• DATA SHOWN:
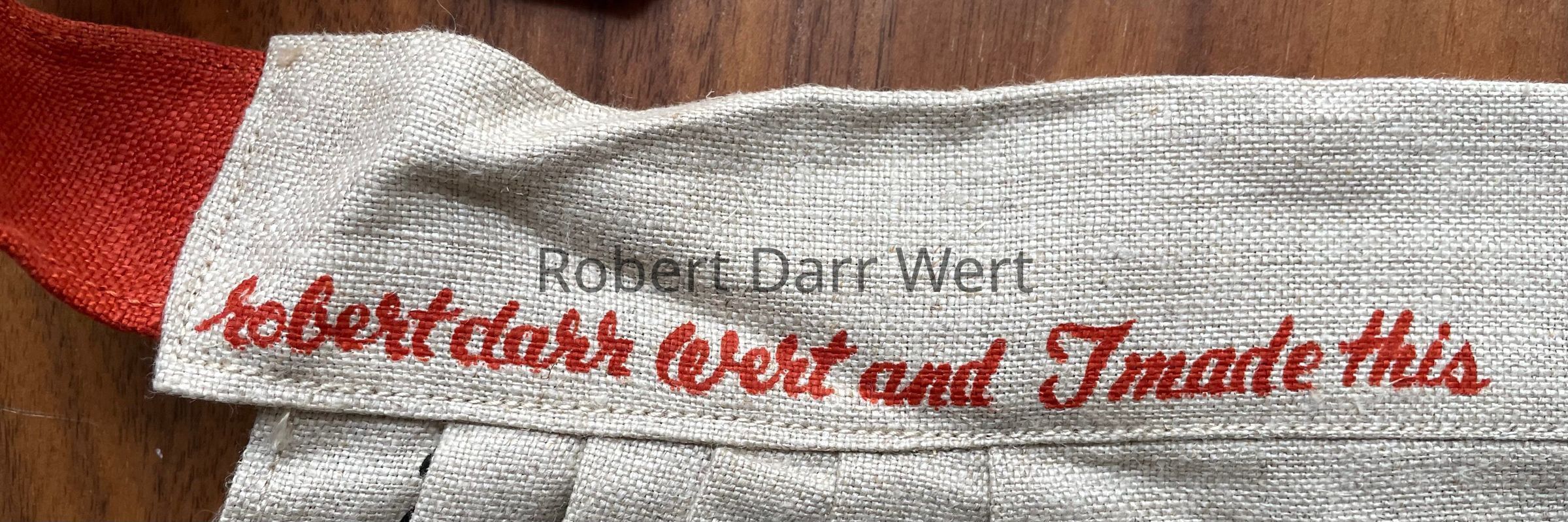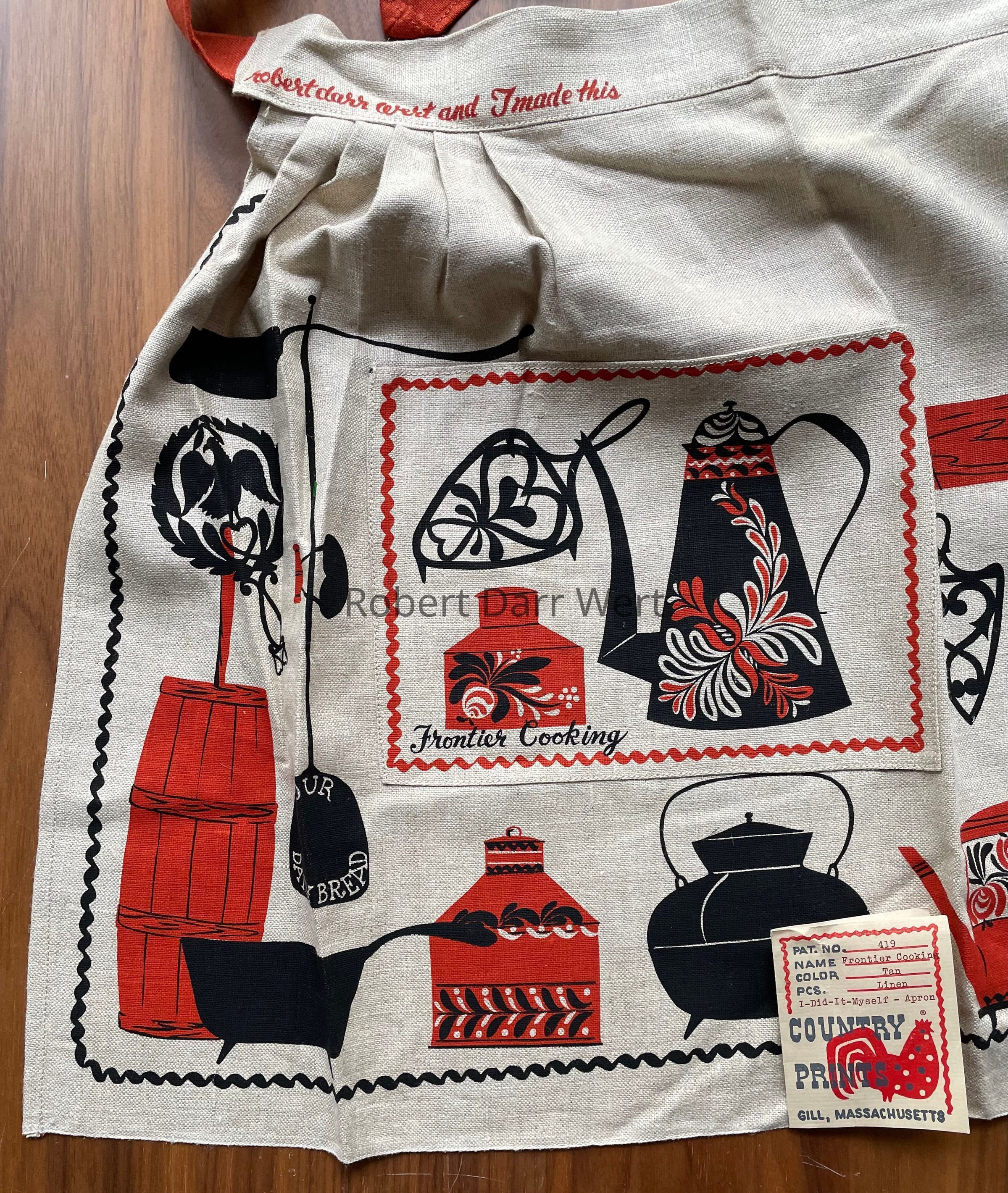 “Frontier Cooking”, on patch pocket, and “wert” with apple heart, lower right corner.Dimensions
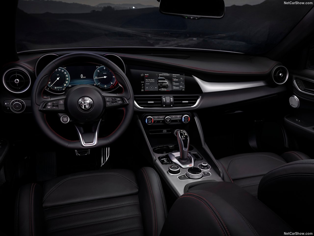 הג’וליה מציעה סביבת נהג ממוקדת: הגה עבה עם כפתור התנעה אדום, לוח מחוונים אנלוגי־דיגיטלי ברור, ומסך מולטימדיה של 8.8 אינץ’ עם קישוריות Apple CarPlay ו־Android Auto.
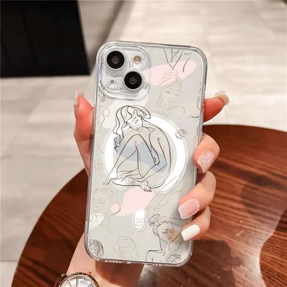 Gril Line Art Phone Case For iPhone 17 16 15 14 13 12 Pro Max Plus Magnetic Clear Case Slim Wireless Charging $3.44
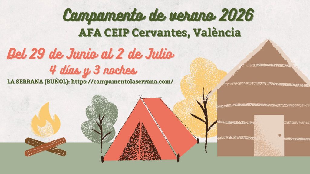 ¡Atención, familias! Ya está todo preparado per el Campamento de verano de la AFA CEIP Cervantes! Este año, nos vamos de aventura a la Serrana (Buñol), a solo 45 km de València. ¡Un lugar genial para disfrutar de la naturaleza! https://campamentolaserrana.com/#
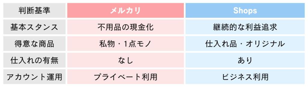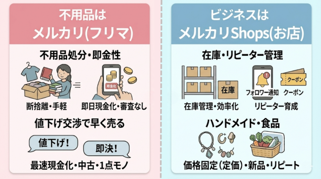 「家にある要らないものを売るならメルカリ」、「売るために商品を仕入れたならShops」。
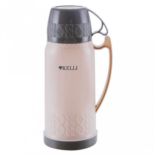 Термос со стеклянной колбой "Kelli" 1л, корпус пластиковый, 2 чашки в комплекте, ручка для переноски, кофейный (Китай)
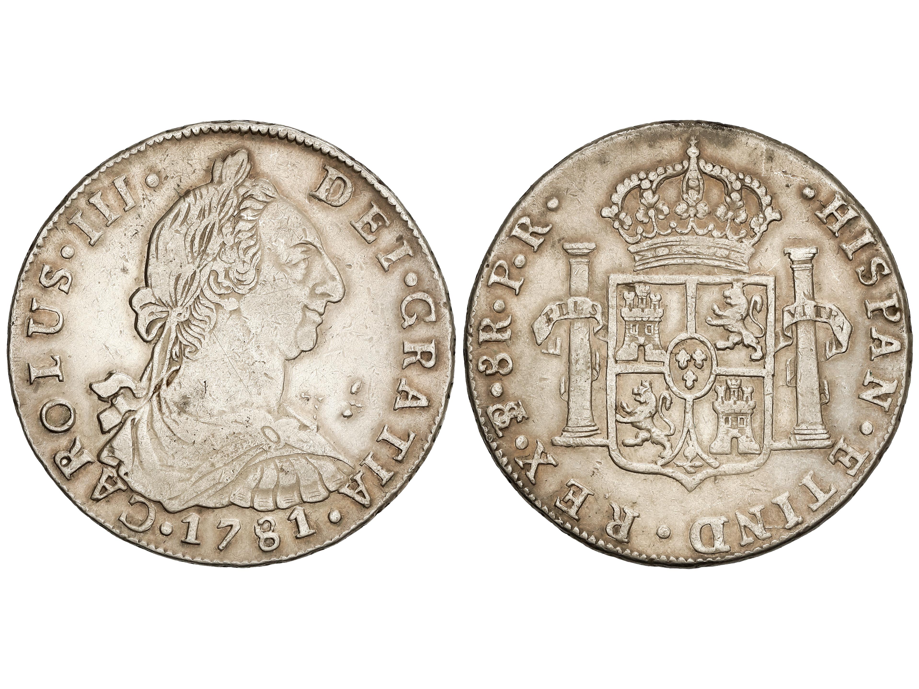 8 Reales. 1781. POTOSÍ. P. R. 26,58 grs. (Sobrantes de metal en anverso). AC- 1180. MBC. (Image1)
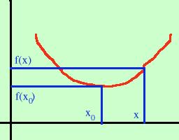 comincia a risalireMatematicamente dovremo dire che quel punto e' piu' basso, cioe' il suo valore e' inferiore a quello negli altri punti In formule: la funzione y = f(x) avra' un punto di minimo nel punto x0 se f(x0 ) per ogni x appartenente ad un intorno completo di x0 come prima anche qui si puo' dire che se la funzione e' continua e derivabile in un intorno completo di x0 allora la tangente in x0 sara' orizzontale, cioe' la derivata avra' valore zero Curiosita': anche qui per la definizione data una retta orizzontale sarebbe composta da tutti punti di minimo, infatti il valore in ogni punto e' uguale a tutti gli altri valori. Per ovviare all'inconveniente, si puo' definire il minimo con la diseguaglianza stretta ( < ) invece che con il Qualche libro per distinguere parla di minimo proprio ed improprio. Ti consiglio di seguire la definizione del tuo libro di testo |
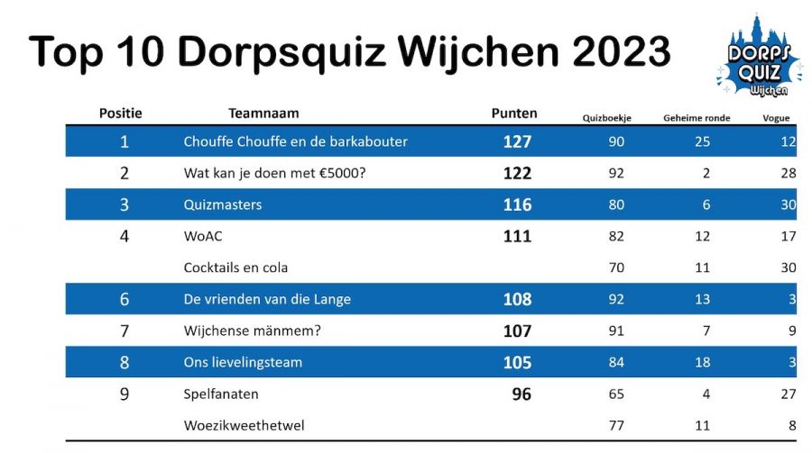 De derde editie van de Wijchense dorpsquiz zal plaatsvinden op zaterdag 6 april 2024.
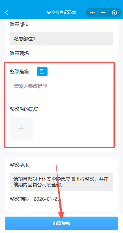 11.项目安全员填写整改措施并上传附件,点击“提交复核
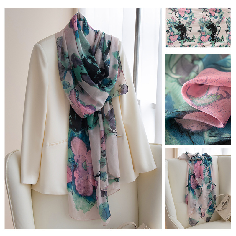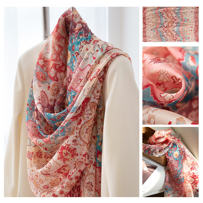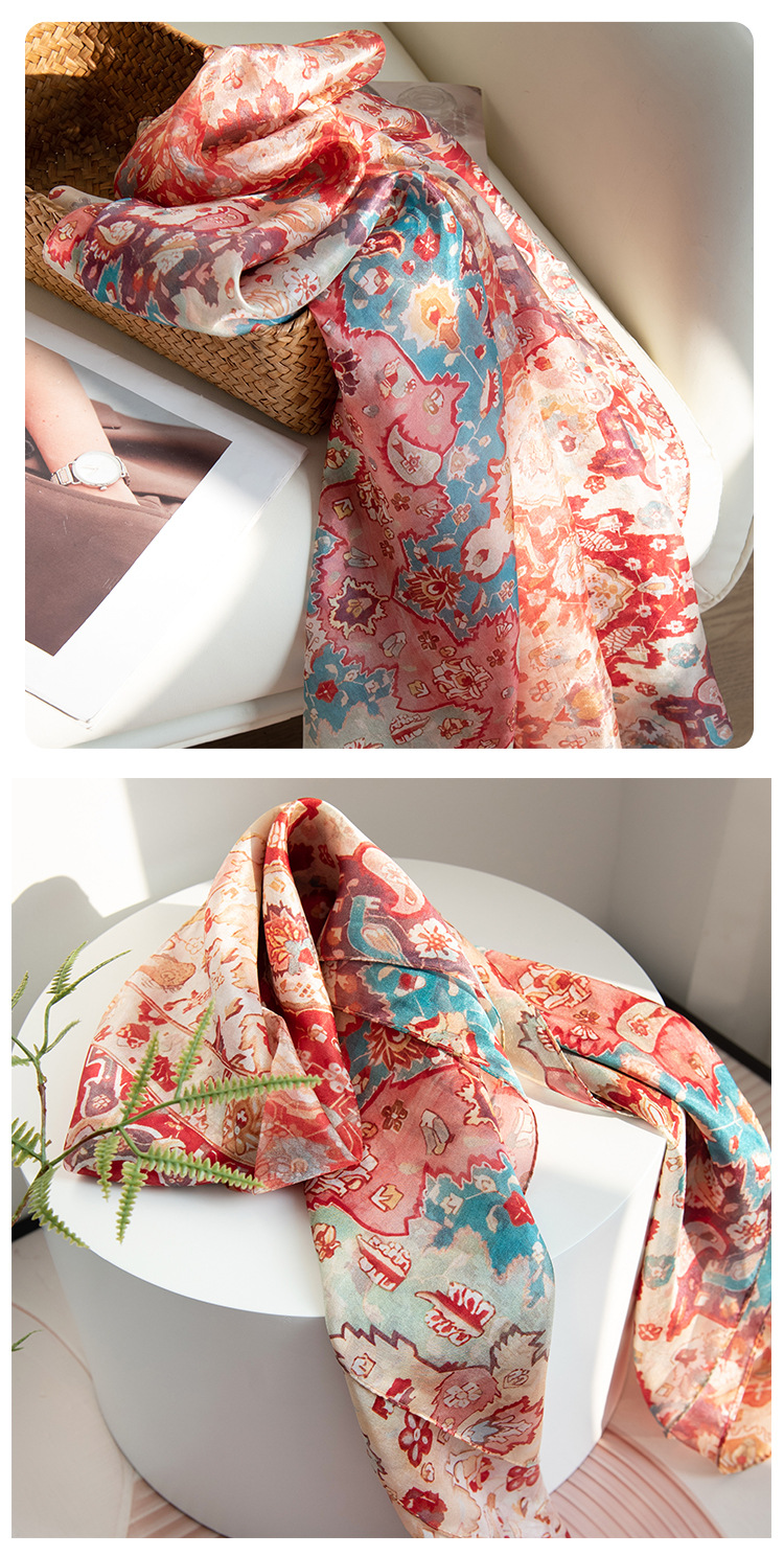 여름 새로운 실크 스카프 실크 하이 엔드 센스 멀 베리 실크 롱 스카프 엄마를위한 여자의 얇은 올 매치 큰 목도리
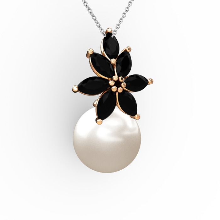 Inci ve siyah zirkon 8 ayar rose altın kolye (40 cm beyaz altın rolo zincir)
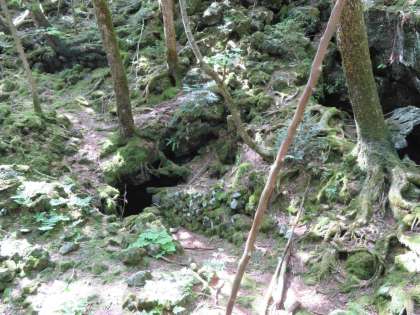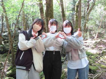各クラス男女別になり、ガイドさんの誘導のもと樹海を散策しました。足下のぬかるみや寒さが心配されていましたが、ちょうど良い気温で軽快に歩いていました。ガイドさんが溶岩の流れた跡や樹海の植生、動物の爪痕について、詳しく説明してくださいました。見て、触って、感じて、本当の学びができたと思います。ぜひこの経験を、これからの普段の学習に繋げていってほしいですね。
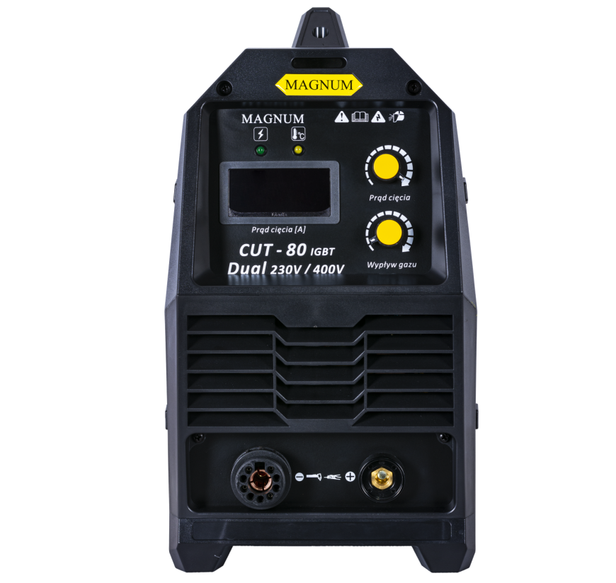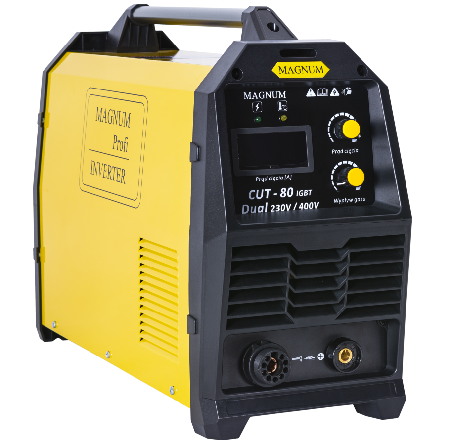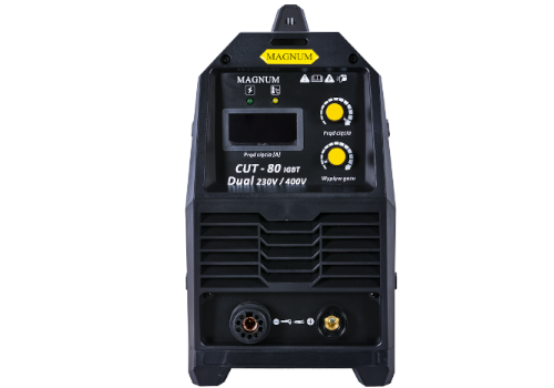 Przecinarka plazmowa marki MAGNUMCUT-80 IGBT DUAL przeznaczone jest do ręcznegocięcia plazmą powietrzną elementów przewodzących prąd elektryczny, wykonanych ze stali węglowych i stopowych, aluminium i jego stopów, mosiądzu, miedzi a także żeliwa.
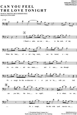 Can you feel the love tonight - Noten für Violon-Cello Elton John

• EXERCISE DESCRIPTION:
Please restate word for word the lines above, starting with the line that holds "De derde editie" and ending with the final line of the records, while leaving out pictures.

• WRITTEN SOLUTION:
 De derde editie van de Wijchense dorpsquiz zal plaatsvinden op zaterdag 6 april 2024.
 11.项目安全员填写整改措施并上传附件,点击“提交复核
 여름 새로운 실크 스카프 실크 하이 엔드 센스 멀 베리 실크 롱 스카프 엄마를위한 여자의 얇은 올 매치 큰 목도리
 Inci ve siyah zirkon 8 ayar rose altın kolye (40 cm beyaz altın rolo zincir)
各クラス男女別になり、ガイドさんの誘導のもと樹海を散策しました。足下のぬかるみや寒さが心配されていましたが、ちょうど良い気温で軽快に歩いていました。ガイドさんが溶岩の流れた跡や樹海の植生、動物の爪痕について、詳しく説明してくださいました。見て、触って、感じて、本当の学びができたと思います。ぜひこの経験を、これからの普段の学習に繋げていってほしいですね。
 Przecinarka plazmowa marki MAGNUMCUT-80 IGBT DUAL przeznaczone jest do ręcznegocięcia plazmą powietrzną elementów przewodzących prąd elektryczny, wykonanych ze stali węglowych i stopowych, aluminium i jego stopów, mosiądzu, miedzi a także żeliwa.
 Can you feel the love tonight - Noten für Violon-Cello Elton John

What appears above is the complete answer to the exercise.